Can you tell us a bit about your ‘backstory’ and how you got started?
I started off at General Electric in 1978 as a marketing associate, and later as a group project manager. During my time there I learned a lot about marketing, brand management, and sales.
Next, I went to Philips Lighting Company, which at the time had bought Westinghouse light bulbs, and they were trying to establish their brand. The general manager of North America for General Electric was now at Phillips, I was recruited by him as the Director of Marketing to start growing share with the new Philips brand.
In my next role, I became a vice president of marketing and sales at a company called Aeroquip/Vickers, and I spent five years there learning quality disciplines. For instance, I became both a master black belt and lean sensei after going through different training curricula to be certified in both. During my time at Aeroquip/Vickers, the training I received in lean sigma allowed me to see the tremendous waste that exists in all businesses.
I ultimately took that skillset with me to Tenneco and over the next three years, I was able to demonstrate very good performance in the factories that I had in North America. After about three years at Tenneco, I became the CEO in 1999. I spent six and a half years in that role and under my leadership, we set many records. Some of those awards include; the top shareholder pick for three years in a row, as chosen by PWC and the Gabelli Automotive Symposium.
After Tenneco, I was recruited to Hertz, where I spent a total of eight years there as the company’s Chairman and CEO. During my time there we experienced a challenging recession — around 2008, 2009. Shortly after I got there, Hertz was highly leveraged and we were breaching bank covenants. I was pleasantly surprised by how willing everyone was to make sacrifices to turn the company around. On my team, we all cut our salaries, cut our 401ks…we did everything we could to cut costs. One year later we were able to restore every employee benefit that we cut.

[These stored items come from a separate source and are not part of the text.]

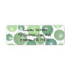 These return address labels have a mid-century modern design of circles in shades of 1950s green with white starbursts in them, all on a field of white.
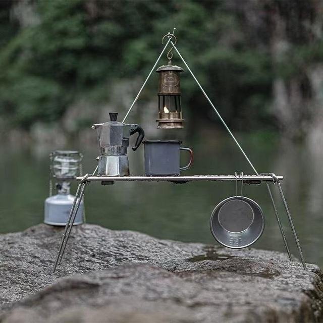 ランタンフックにランタンなどを吊るしたり、サイドにシェラカップを吊るしたり
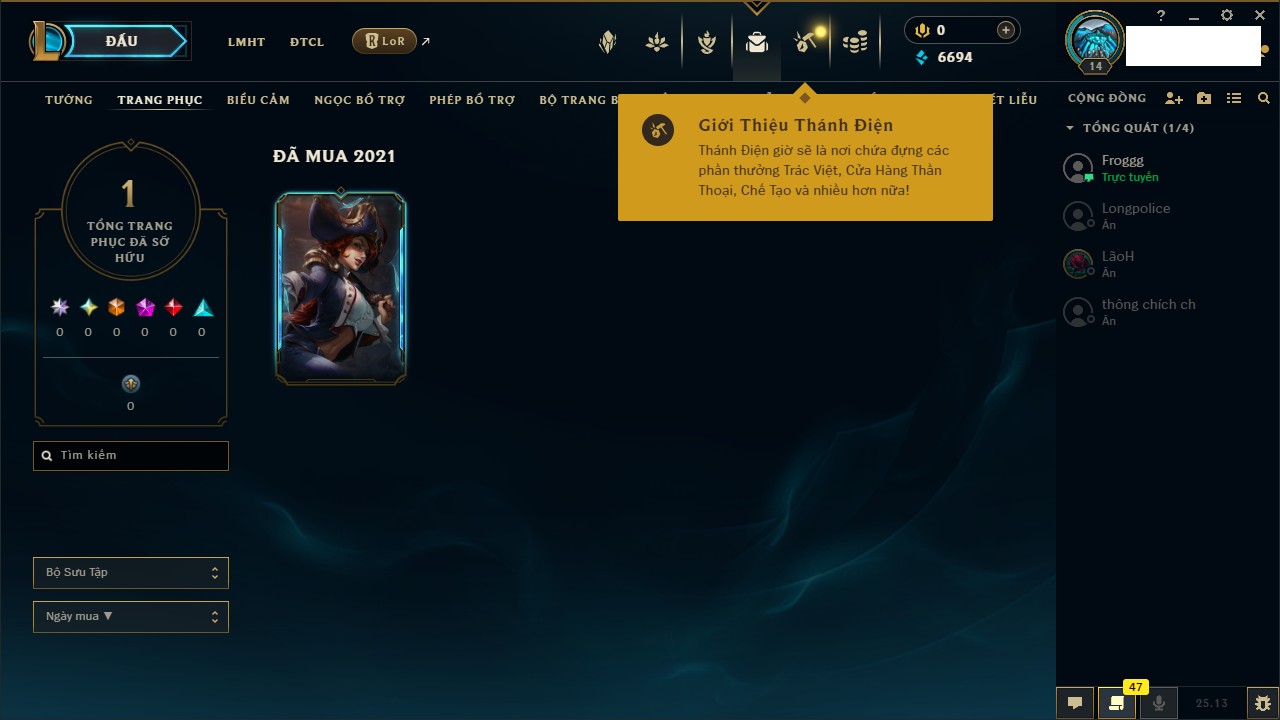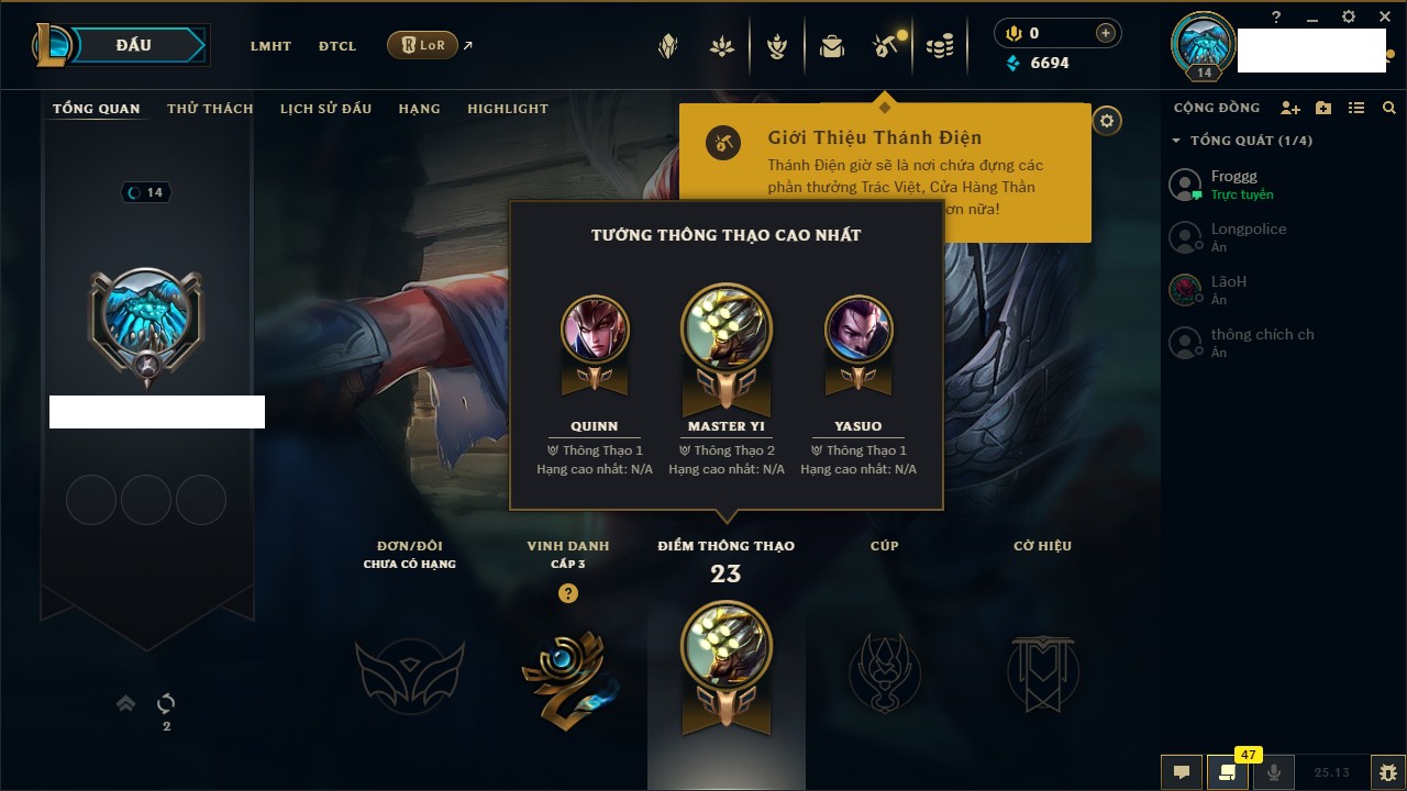 Rank Đơn: Vàng IVKhung: BạcTướng: 171 - Còn 426239 THXTrang Phục: 162Rank ĐTCL: Chưa RankLinh Thú: 33
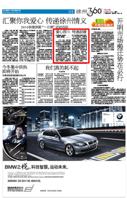 11月30日的《徐州日报》05版以《爱心围巾传递温暖》为题对我校机电学院爱心活动进行报道。
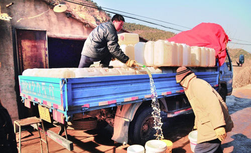 1月23日上午,从滨海大道转入一条山路后,大约行驶了一公里左右来到了北宅街道晖流社区。拉水的汽车来来往往,车上装着满满的塑料水桶。
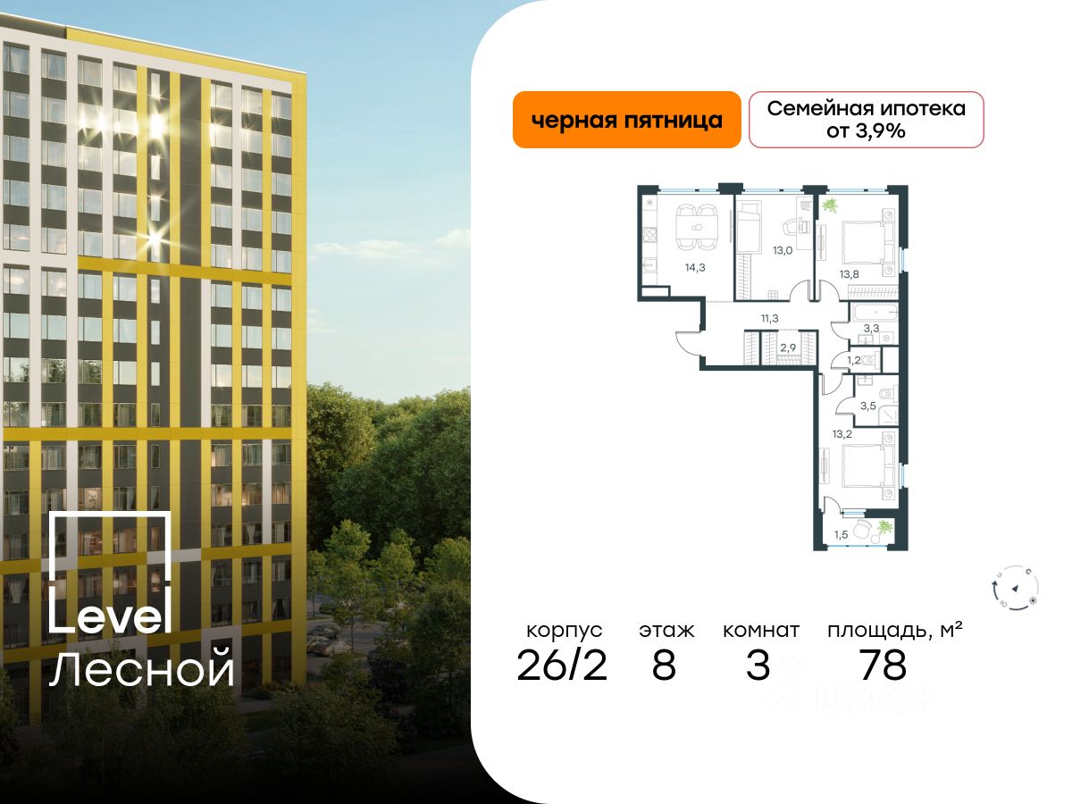 В районе, утопающем в густой зелени лесов, многочисленных парков и скверов, продаётся 3-комнатная квартира площадью 78.00 кв.м без отделки. Квартира расположена на 8 этаже в жилом комплексе комфорт-класса Level Лесной (компания Level Group/Левел групп).

Hertz was able to pick right back up where we left off. We started hitting all kinds of benchmark records in customer and employee satisfaction. I left in 2014 to go to Caesars as their new CEO, one week after they filed for bankruptcy. So of course, I had to face that issue head-on. I spent four and a half years there and was blessed with a great team and we worked our way out of bankruptcy in two and a half years. During the bankruptcy, we established new financial records which improved our margins on the Las Vegas strip from last to first.
Can you share a story about the funniest mistake you made when you were first starting? Can you tell us what lessons or ‘takeaways’ you learned from that?
I’ve always championed empowering work teams, giving people accountability and responsibility. Most teams can usually run with it, and they appreciate it in the long run. So, at Tenneco, we had manufacturing plants and they had a concept called self-directed work teams.
That was intended to eliminate supervisors and management and allow employees to manage themselves.
Personally, I was excited by the concept. I took a Ford exhaust plant that was based in Smithville, Tennessee, and trained the employees to be self-directed. We spent some money with outside consultants and the entire process took about two and a half months to get everyone trained and set up.
When we went live with it, we felt pretty good about the planning process we implemented. We thought, at the time, that we had done everything by the book — but within three months we lost our Q1 flag.
Frankly, the whole idea turned out to be a disaster — our quality rating was in the garbage. We had to take eight months to get our quality rating back and, and ended up learning some valuable lessons along the way.
In the end, I think it’s important to realize that not everyone can be self-directed, and you can’t expect employees that haven’t spent their life wanting to be or training to be self-directed to just be able to do that. Sometimes there’s a reason that you have to have supervision and management. Most people think that’s for oversight purposes, but it also helps to reinforce the structure in the workplace. The bottom line was, we expected too much. I think all the employees were trained well. But in terms of being able to completely self-police, we simply had too high of expectations.
We did learn a lot and inevitably improved from that experience and were able to selectively put management where we knew it needed to be.